La chose déplaisante qui se présente aujourd’hui sous l’étiquette Soundbombing, et qui prétend succéder à deux premiers opus parfaits, reprend en effet tous les signes de la boursouflure commerciale qui affectait déjà le pauvre deuxième volume du Lyricist lounge -mais en descendant encore un cran au-dessous. Chacun sait que le problème du Lyricist lounge II se résumait à ces huit simples lettres : N.A.T.E.D.O.G.G. Car si on appréciait les productions Rawkus jusque là, c’était précisément parce qu’on était certain de ne jamais y entendre Nate Dogg. Et voilà maintenant que ce Soundbombing III nous offre Zap Mama ! Tout ça (Body rock, Universal magnetic, Space cadillac…) pour ça, a-t-on envie de dire. Si on nous avait dit en 1996 que les choses se termineraient ainsi, on ne se serait pas imposés Funcrusher plus en boucle pendant deux ans, on serait restés sagement à écouter les albums de Warren G, et on en serait au même point aujourd’hui. Ainsi donc, c’est à cela que Mos Def et Talib Kweli songeaient quand, du temps de Black Star, ils nous faisaient croire à leur rêve d’une nouvelle Great Black Music : à une musique dont tous les angles auraient été limés à la meule industrielle, vendue sous vide dans les supermarchés d’Universal ? Sans doute pas, et c’est bien le problème : ce disque, derrière sa production sucrée, a le goût âcre des trahisons et du matérialisme cynique de l’époque. C’est Lesly-du-Loft au pays de Dj Premier.
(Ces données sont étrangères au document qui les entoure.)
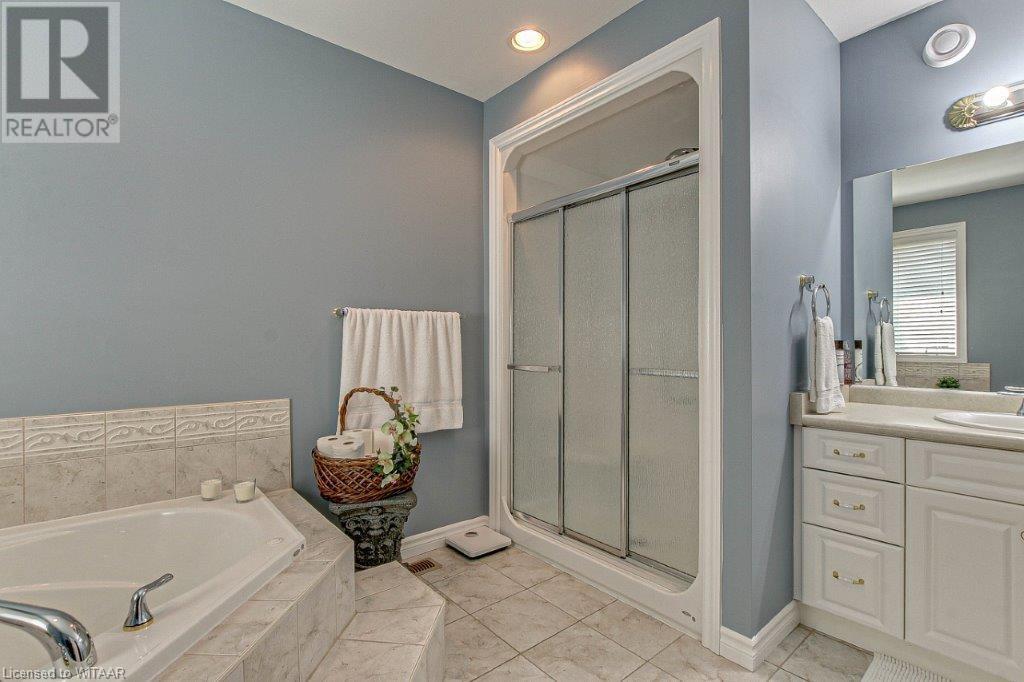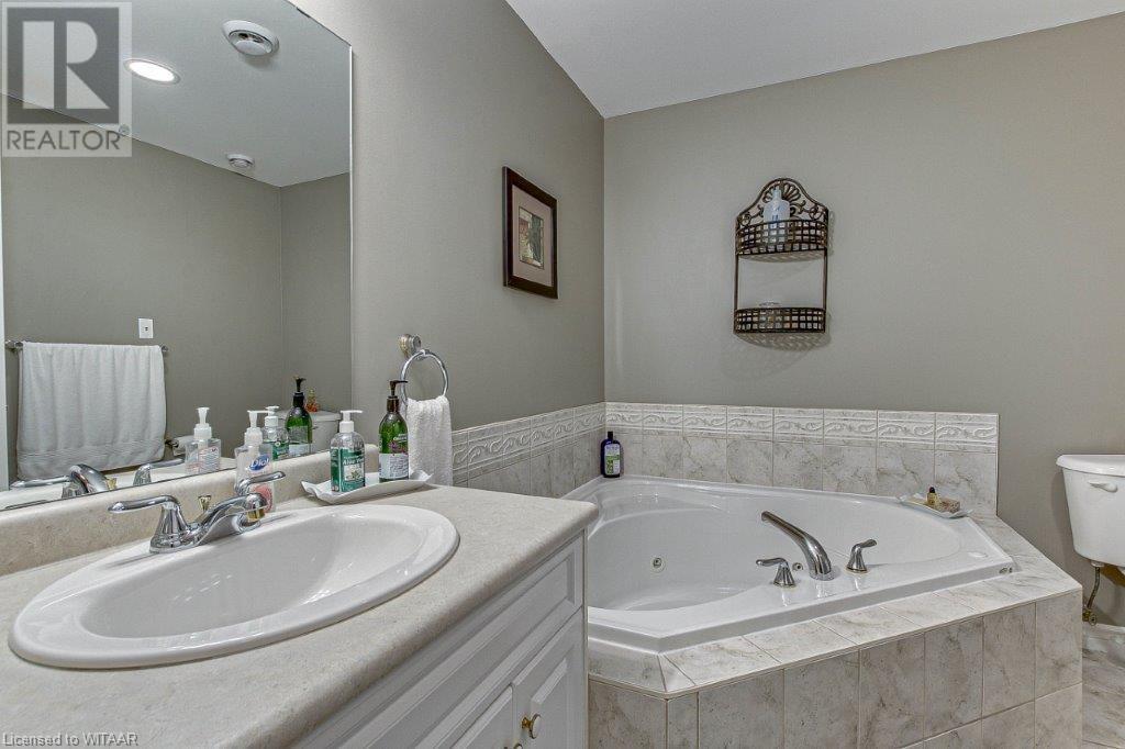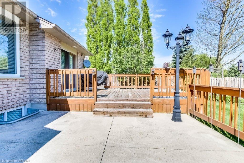 LOVELY BUNGALOW SITUATED IN THE QUIET CUL DE SAC OF NORSWORTHY LANE A HIGHLY DESIRED NEIGHBOURHOOD OF SOUTH-EAST INGERSOLL. CUSTOM DESIGNED ONE OWNER HOME BUILT BY WILLSIE DISTINCTIVE HOMES. ATTRACTIVE OPEN CONCEPT FLOOR PLAN WITH IMPRESSIVE TEN FOOT CEILING CORRIDOR FROM FOYER THROUGH THE GREAT ROOM. BEAUTIFUL KITCHEN WITH UPGRADED CABINETRY, WALK-IN PANTRY AND BREAKFAST COUNTER. SPACIOUS DINING ROOM, STATELY GAS FIREPLACE WITH CUSTOM OAK MANTEL AND PATIO DOOR ACCESS TO A 12 X 18 FT DECK AND EXTENDED PATIO. GENEROUS SIZE PRIMARY BEDROOM WITH 5 PC ENSUITE AND WALK-IN CLOSET. FRONT BEDROOM OR POSSIBLE OFFICE, 2 PC POWDER ROOM AND CLOSET WITH MAIN FLOOR LAUNDRY OPTION. THERE ARE 2 ADDITIONAL BEDROOMS IN THE BASEMENT AND ANOTHER 5 PC BATHROOM, A LARGE REC ROOM, GAMES ROOM PLUS A SIZEABLE UTILITIES STORAGE ROOM. BONUS PRIVATE ENTRANCE FROM GARAGE DIRECTLY TO BASEMENT PROVIDES AN IDEAL OPPORTUNITY FOR AN IN-LAW SUITE OR LIVING SPACE FOR YOUR EXTENDED FAMILY. AMPLE PARKING WITH THE DOUBLE CAR GARAGE AND INTERLOCKING STONE DRIVEWAY. 8 X 10 STORAGE SHED ON A CONCRETE PLATFORM WITH HYDRO IN THE FULLY FENCED BACK YARD WHICH IS LANDSCAPED AND PRIVATE. CLOSE TO ALL AMENITIES WITH EAST ACCESS TO MAJOR HIGHWAYS. SIMPLY A WONDERFUL HOME!!! (id:55009)
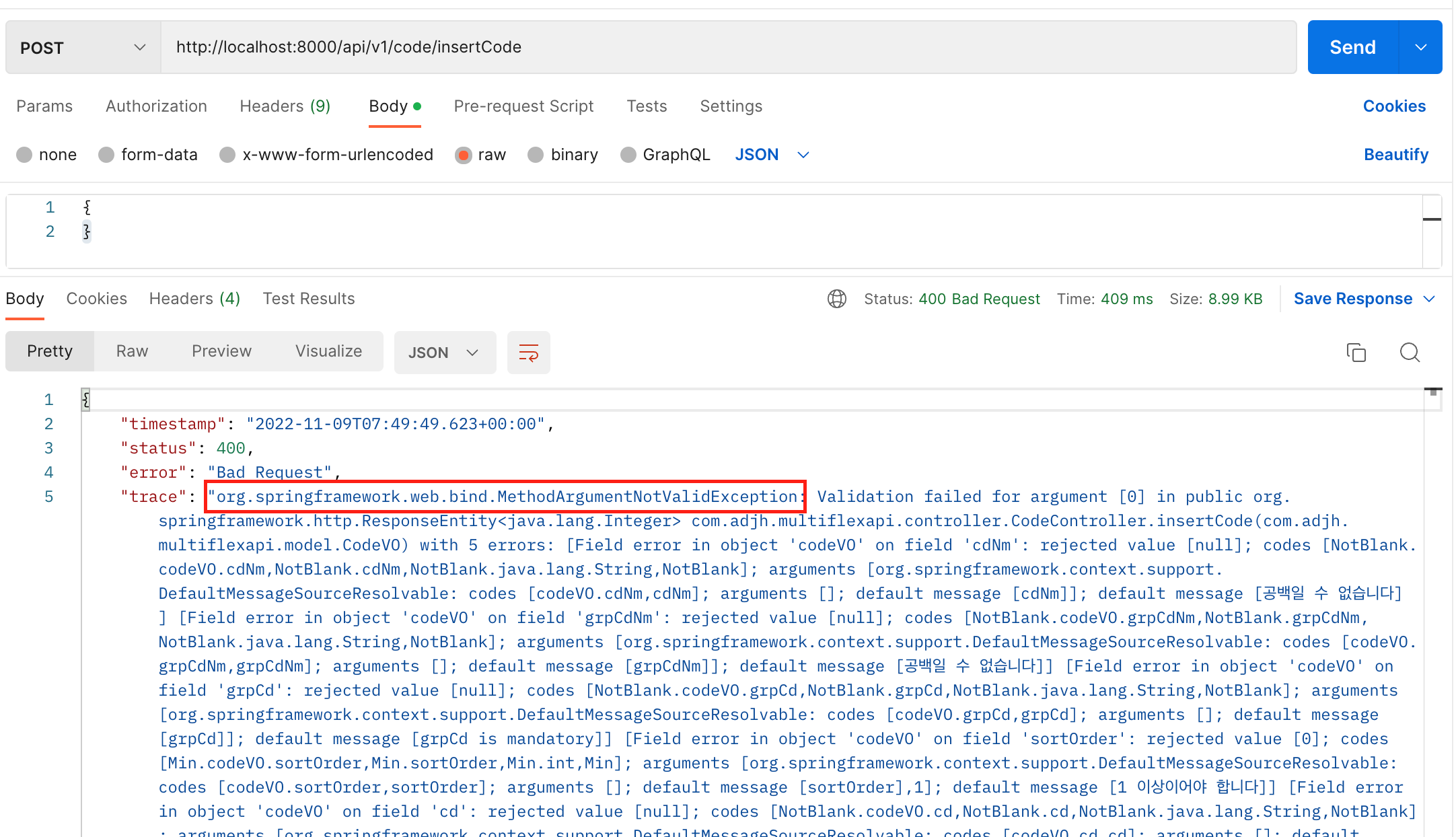 "message": "Validation failed for object='codeVO'. Error count: 5",

Soyons clairs : si vous avez envie d’entendre Kool G Rap relooké Zapp & Roger, Talib Kweli poser sur une production faiblarde de Dj Quik, Mos Def se la jouer Freak daddy (air navré), si ça vous amuse d’avoir un disque rap/R&B portant le sigle Rawkus, ce disque est fait pour vous. Si en revanche, vous chérissez précieusement vos 12 » de Sir Menelik et Reflection Eternal, si vous vous souvenez de ce que fut du Lyricist lounge première époque, si vous piaffez d’entendre le LP de RJD2 sur Def Jux, allez plutôt voir du côté de J-Live ou d’Edan.